To use this feature, apply the 4798 WUM update for WSO2 Identity Server 5.4.0 using the WSO2 Update Manager (WUM). To deploy a WUM update into production, you need to have a paid subscription. If you do not have a paid subscription, you can use this feature with the next version of WSO2 Identity Server when it is released. For more information on updating WSO2 Identity Server using WUM, see Getting Started with WUM.

Configuring intermediate certificate validation enables you to restrict certificates that are used during mutualSSL authentication to certificates that are signed by the defined issuers(cert_cns).

To configure intermediate certificate validation, configure the following in the identity.xml file as given below. 

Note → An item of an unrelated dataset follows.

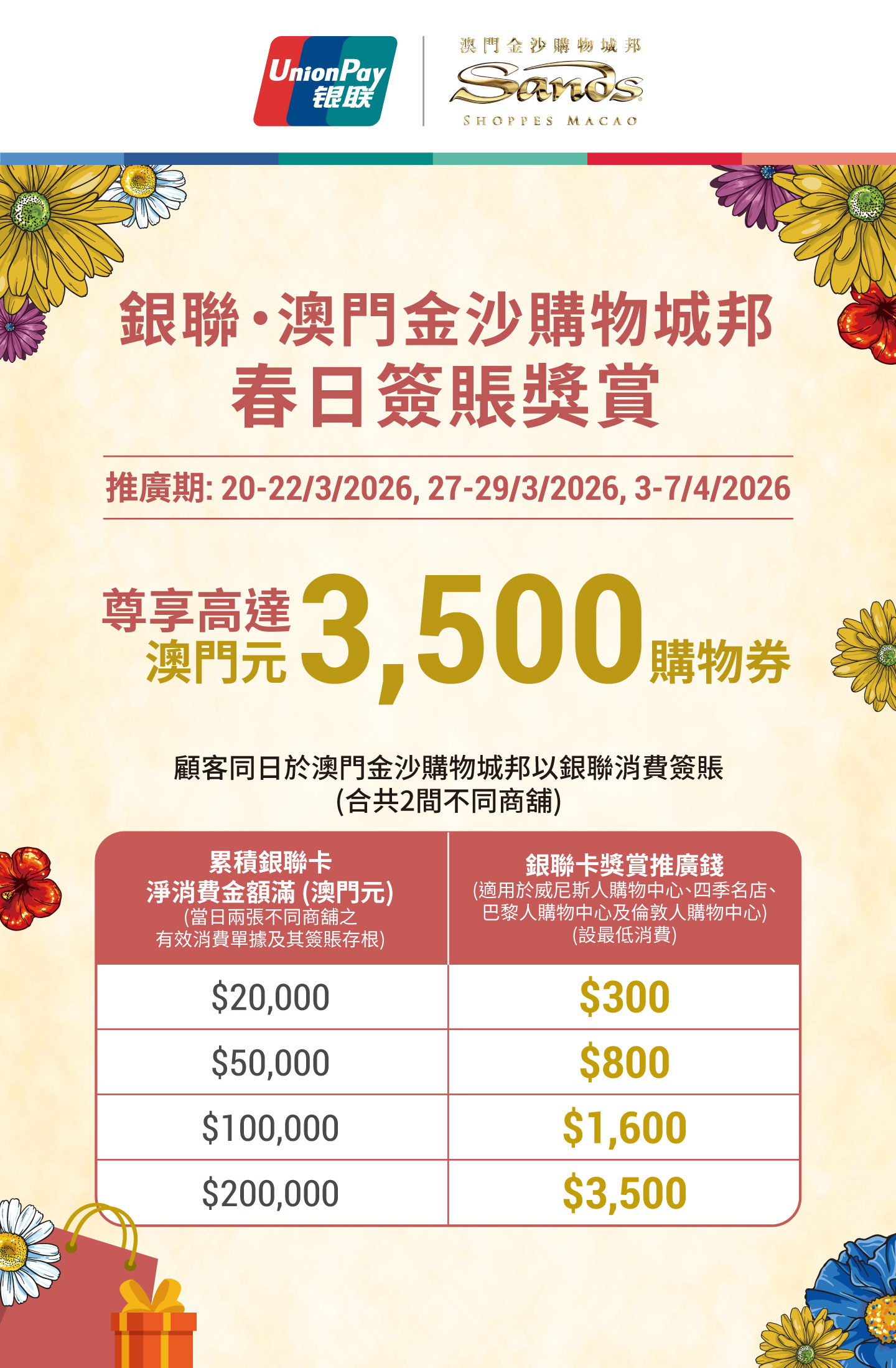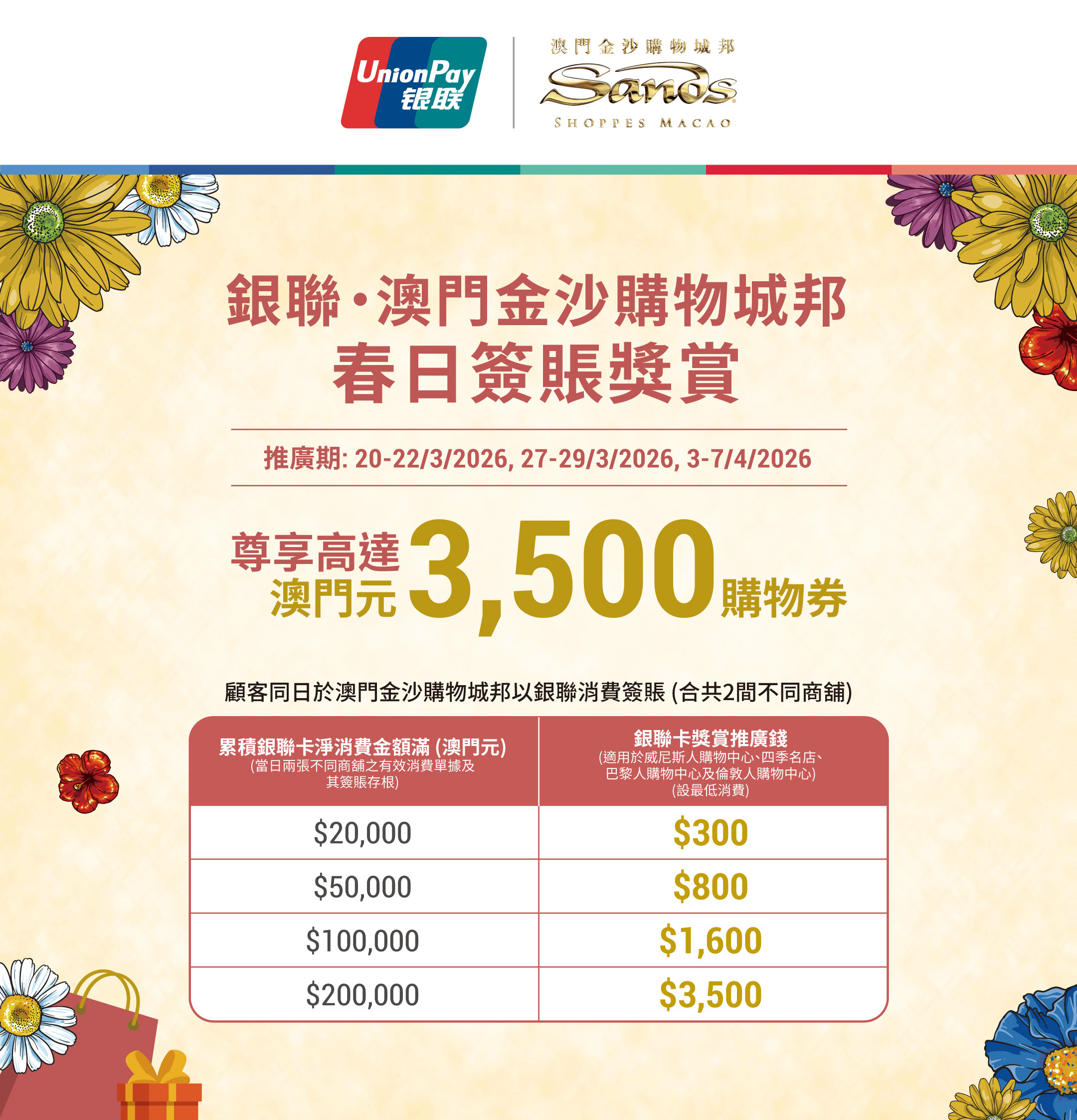 - 活動:此活動「銀聯 • 澳門金沙購物城邦春日簽賬獎賞」(以下簡稱“活動”)受以下條款及細則約束。

ParameterDescriptionSample Value
IntermediateCertificateValidationDefines whether intermediate certificate validation is enabled or not.true
IntermediateCertsSpecifies the context paths of the intermediate certificates.

Multiple <CertCN> elements can be used for multiple certificates.

localhost
ExemptContext

Specifies the context paths that needs to be excempted from intermediate certificate validation. 
Multiple <Context> elements can be used for multiple contexts.


Example:

<IntermediateCertValidation enable="true">
     <IntermediateCerts>
         <CertCN>wso2isintcert</CertCN>
         <CertCN>localhost</CertCN>
     </IntermediateCerts>
     <ExemptContext>
         <Context>scim2</Context>
     </ExemptContext>
 </IntermediateCertValidation>

When using intermediate certificate validation, note that CN will be taken as the username instead of retrieving it from the header therefore, the incoming certificate request CN should ideally be the username of the user who is sending the request.

The certificate CN should be in the following formats for the following cases.

  • If the user is in the primary userstore, the incoming cert CN should be just the <username> e.g., john.
  • If the user is in a secondary userstore, the incoming cert CN should be <userstore_domain>/<username> e.g., SECONDARY/john.